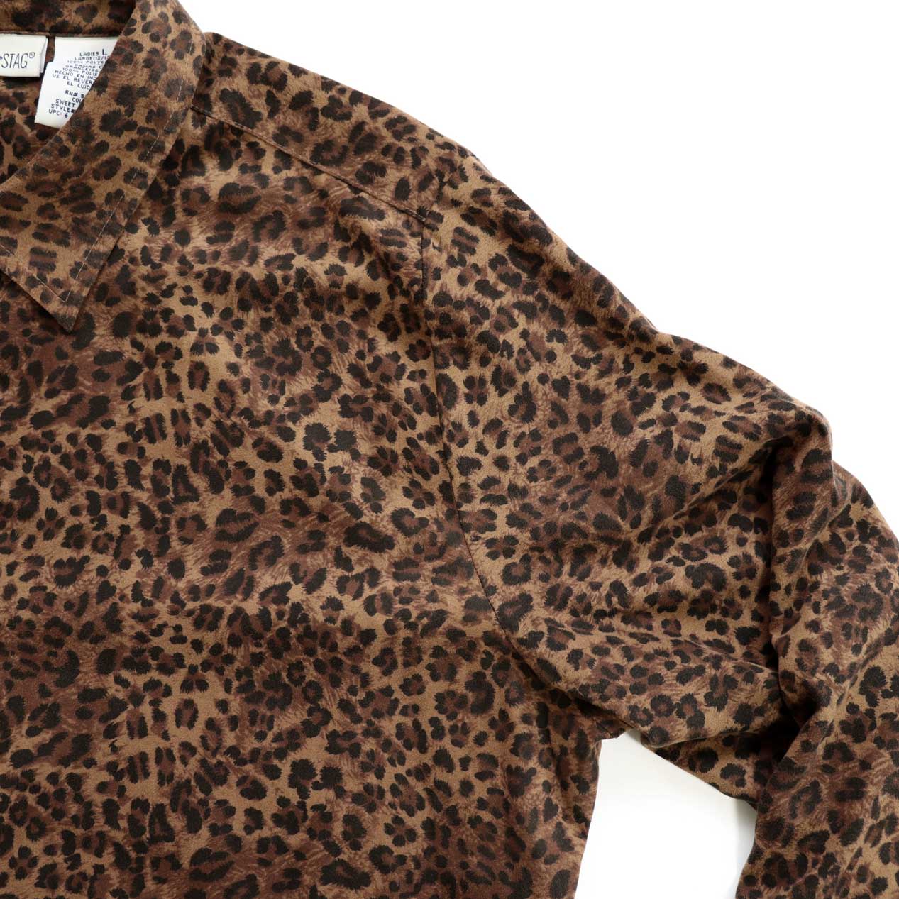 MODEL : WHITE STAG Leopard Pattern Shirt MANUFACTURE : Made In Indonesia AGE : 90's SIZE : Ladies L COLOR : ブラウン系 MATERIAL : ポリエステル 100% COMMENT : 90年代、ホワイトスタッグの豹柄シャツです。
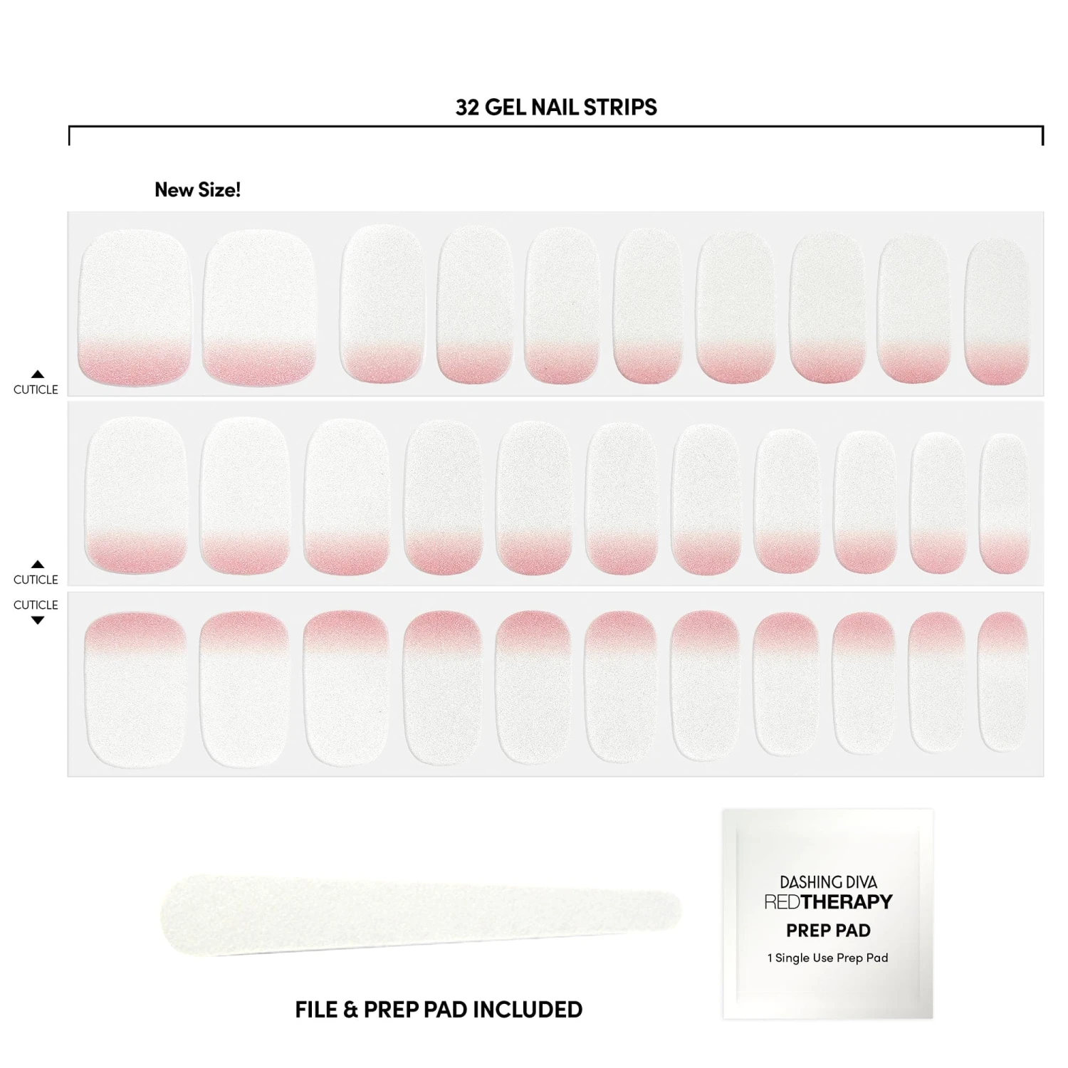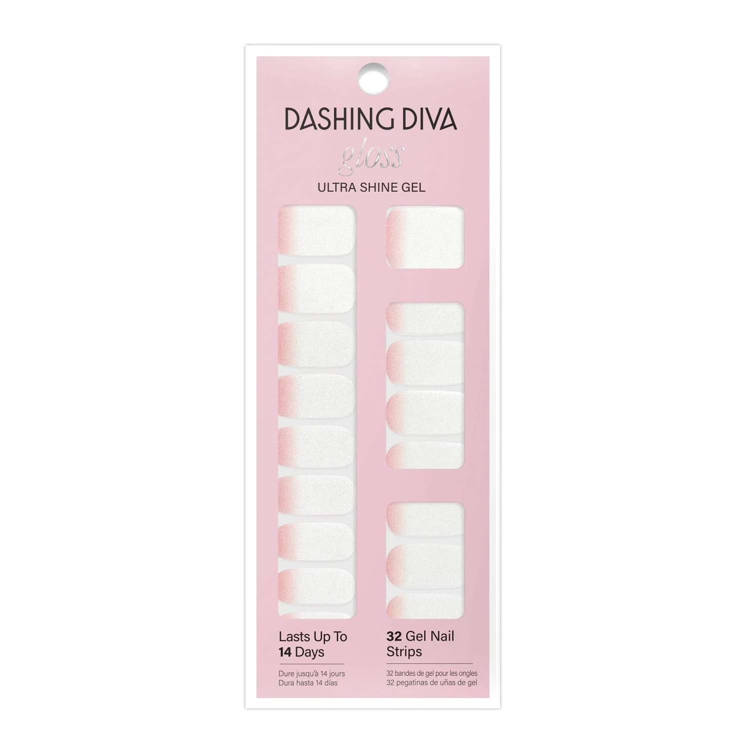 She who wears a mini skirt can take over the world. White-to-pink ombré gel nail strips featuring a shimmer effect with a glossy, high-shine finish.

--

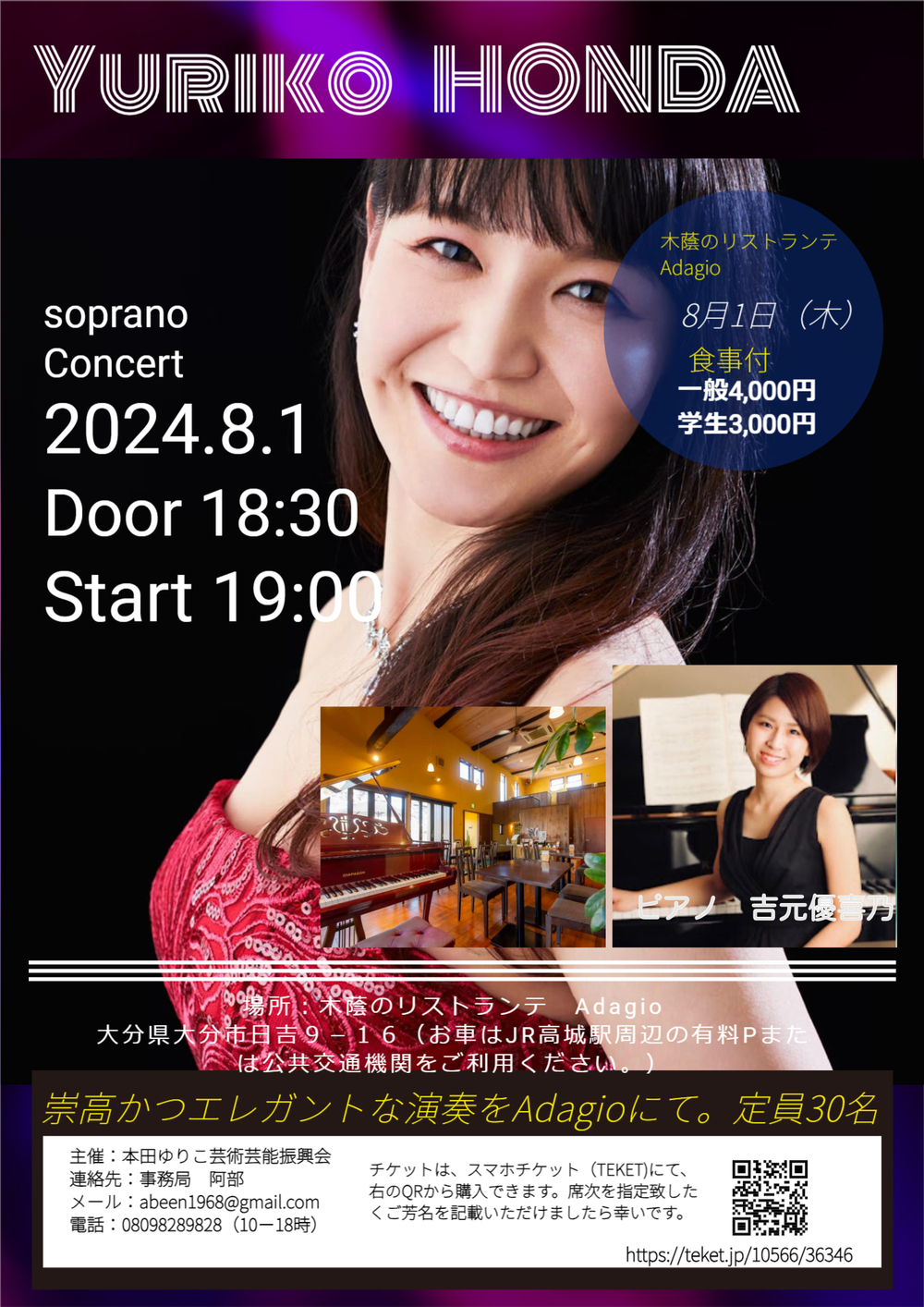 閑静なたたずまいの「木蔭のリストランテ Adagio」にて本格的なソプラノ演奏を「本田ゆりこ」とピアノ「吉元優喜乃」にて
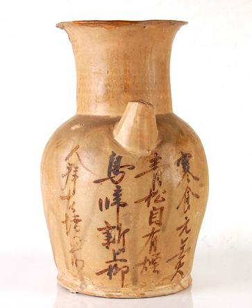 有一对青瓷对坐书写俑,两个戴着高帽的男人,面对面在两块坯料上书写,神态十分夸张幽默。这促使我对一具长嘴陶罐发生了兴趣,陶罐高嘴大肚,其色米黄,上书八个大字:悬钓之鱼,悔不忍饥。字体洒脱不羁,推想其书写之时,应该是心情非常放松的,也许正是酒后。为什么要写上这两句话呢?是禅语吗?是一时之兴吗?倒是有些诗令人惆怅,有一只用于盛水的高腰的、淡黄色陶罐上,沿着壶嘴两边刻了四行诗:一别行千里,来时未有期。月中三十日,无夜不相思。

§ Task instructions
The copy should hold only the lines from the one with "MODEL : WHITE" through the one with "She who wears", exactly as they stand above. Leave out the pictures.

§ Reply to the task
 MODEL : WHITE STAG Leopard Pattern Shirt MANUFACTURE : Made In Indonesia AGE : 90's SIZE : Ladies L COLOR : ブラウン系 MATERIAL : ポリエステル 100% COMMENT : 90年代、ホワイトスタッグの豹柄シャツです。
 She who wears a mini skirt can take over the world. White-to-pink ombré gel nail strips featuring a shimmer effect with a glossy, high-shine finish.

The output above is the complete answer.